If we have learned something during the last year, it is that sharing data and scientific results is essential for addressing a public health emergency. The World Health Organization noted this early in the COVID-19 pandemic, but had already emphasized this need during the outbreak of Ebola virus disease in 2015 in a statement issued after the convening of stakeholders from academia, the industry, governments and publishers.

Beyond tackling public health emergencies, sharing scientific findings and the data that underpin them is inherent to the research endeavor itself. Data sharing is necessary for validating results, for following up on and extending discoveries, and for establishing and disseminating scientific knowledge. It can also lead to more collaborations, as others engage more deeply with the data underlying a publication. Additional benefits are the credit to the original investigators and testament to the impact of their work—for example, sharing data in a paper by providing links to a repository has been associated with a 25% increase in citations1.

Over the past several years, many major funding agencies, including the National Institutes of Health and National Science Foundation in the USA, the European Research Council, and the Wellcome Trust, Cancer Research UK and the Research Councils in the UK, have adopted more stringent data-sharing requirements for their grantees. Many publishers also have relevant mandates, including the Nature Portfolio journals. However, the days when a dataset could be provided within the few pages of a scientific publication are long gone. Especially in multidisciplinary fields such as cancer research, the results reported in one paper are, more often than not, supported by several distinct and complex datasets, from classic cell and molecular biology experiments and animal work, to large-scale ‘-omics’ data and analyses of clinical samples obtained from human participants. Navigating whether, how and in what form to share the data associated with a paper can be complicated.

Nature Cancer authors can find all information related to our data availability policy on the dedicated webpage of the Nature Portfolio and can receive help for their research data–related queries through the Springer Nature Research Data Help Desk. Moreover, they can obtain specific advice for the datasets in their submitted manuscripts from the Nature Cancer editors.

Making data available to readers without undue qualifications is a condition for publication in Nature Cancer. Sharing the data should be the norm unless there are justifiable restrictions on availability, which we ask authors to disclose at the time of submission. If these restrictions are found to be unduly prohibitive, we may decline further consideration of the manuscript. As a general rule, we advise authors to ensure that all relevant data are available either within the manuscript files or through deposition in appropriate public repositories. For certain data types, we mandate deposition and ask authors to provide access to editors and referees before we send a manuscript to peer review. These include gene expression, DNA and RNA sequencing and proteomic data; nucleic acid and protein sequences; and macromolecular structures, genetic polymorphism and linked genotype and phenotype data. We also strongly encourage public provision of other data types for which community-endorsed repositories exist, such as metabolomics and imaging data. In cases for which discipline-specific repositories do not exist, we recommend the use of unstructured, generalist repositories such as Figshare, Dryad and Zenodo. In general, we may require deposition in a public repository of any dataset and data type that is deemed to be central to the main message of the study or essential for reproducibility of the reported findings. To help authors identify the appropriate public repository for their data, our sister journal Scientific Data maintains a dedicated list of approved and recommended data repositories. Apart from the deposition of datasets before peer review, we also advise inclusion with the submitted manuscript files of unprocessed images of gels and blots, and of all raw numerical data behind graphs and statistical analyses. We ask authors to include these source data files when we invite a revision and ultimately require them for publication of the study.

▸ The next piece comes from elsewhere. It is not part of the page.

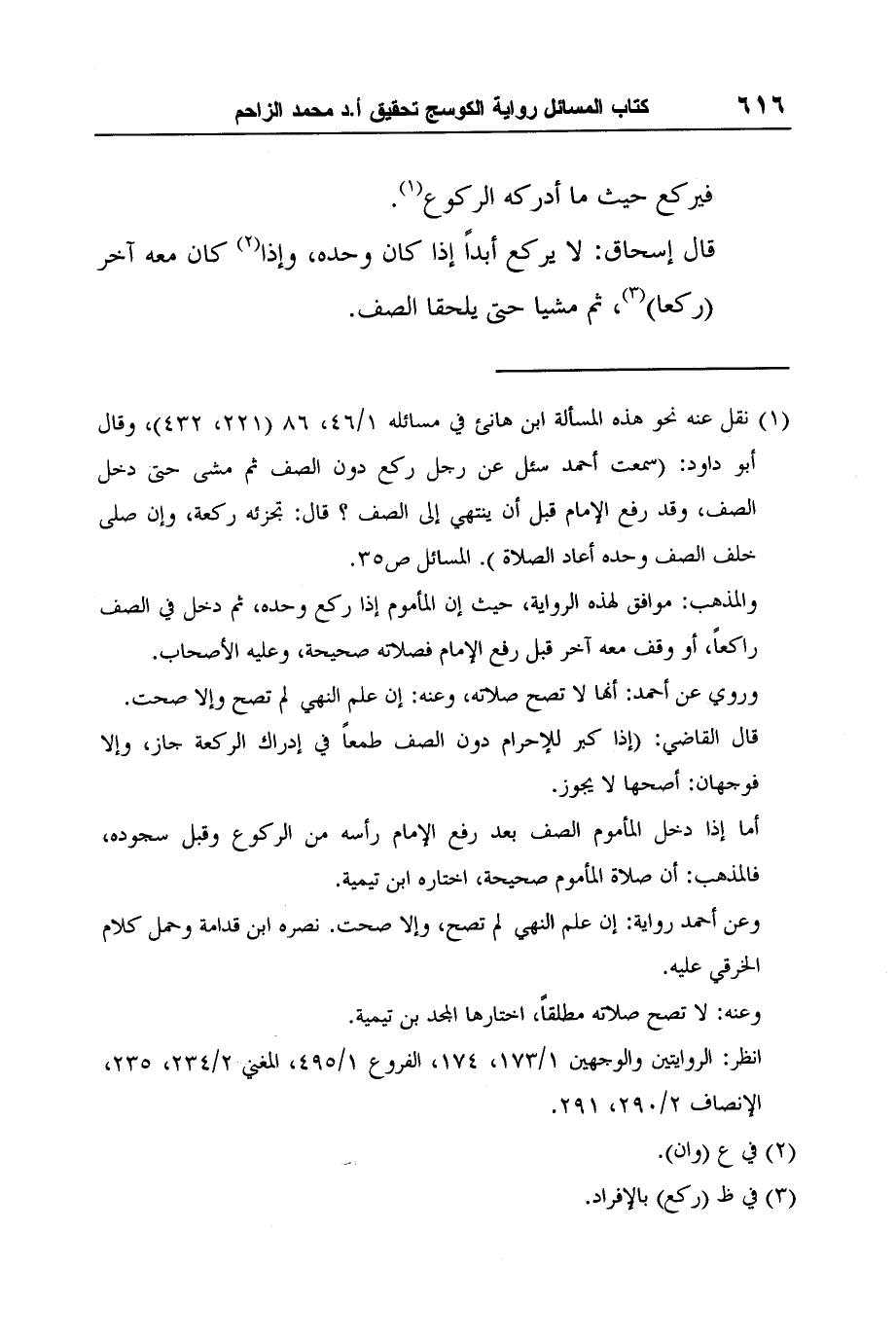 1 نقل عنه نحو هذه المسألة ابن هانئ في مسائله 1/46، 86 (221، 432) ، وقال أبو داود: (سمعت أحمد سئل عن رجل ركع دون الصف ثم مشى حتى دخل الصف، وقد رفع الإمام قبل أن ينتهي إلى الصف؟ قال: تجزئه ركعة، وإن صلى خلف الصف وحده أعاد الصلاة) . المسائل ص35.

To inform readers of the conditions of availability for the data that underlie the reported findings, the Nature-branded journals have been mandating the inclusion of data availability statements in all published primary research papers since 2016 (ref. 2). These statements are stand-alone sections of the paper that explain how the minimum dataset that supports the reported results can be accessed by others. Therein authors list information (including accession numbers, distinct object identifiers, references and links) for accessing datasets generated for their particular study; public or previously published datasets re-analyzed in the study; and source data that may be included with the manuscript. For clinical trial data in particular, we ask authors to provide detailed information on data sharing, following the relevant recommendations of the International Committee of Medical Journal Editors. Authors must also state any restrictions and specific conditions for data access, whether these relate to controlled access or lack of access—for example, due to ethical, legal or privacy concerns for human data or because of data provenance from third parties.

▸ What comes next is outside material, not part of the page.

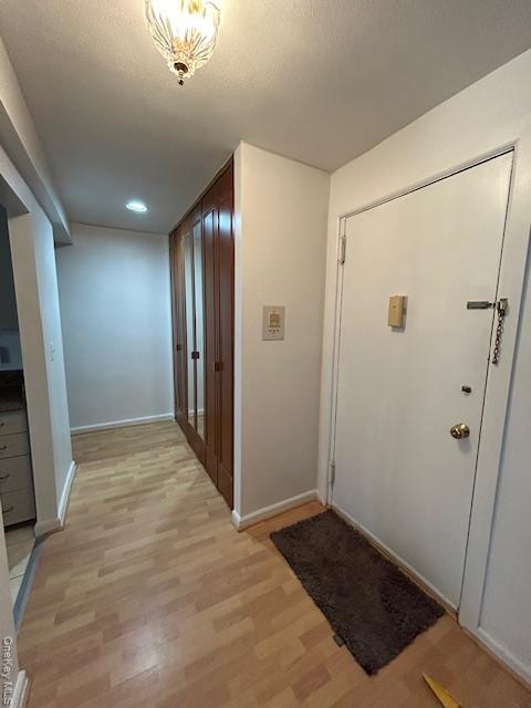 - Foyer featuring light wood-type flooring and a textured ceiling

This detailed information on data deposition and availability, including the full data availability statement, is provided by authors before peer review in the Reporting Summary, a document they are required to complete to aid evaluation of the paper by editors and referees. The Reporting Summary is updated in revision and is ultimately published with the manuscript. Throughout the submission and peer-review process, Nature Cancer editors are available to advise on data sharing and also evaluate any aspect that might impede further consideration of the study. When offering publication of the study, we also give detailed guidance for optimal reporting of data availability information in the manuscript.

Modern scientific discovery requires that data be available, discoverable and re-usable in the longer term. The policies and initiatives outlined here aim to help authors achieve these objectives to enhance the reproducibility, reach and impact of their work.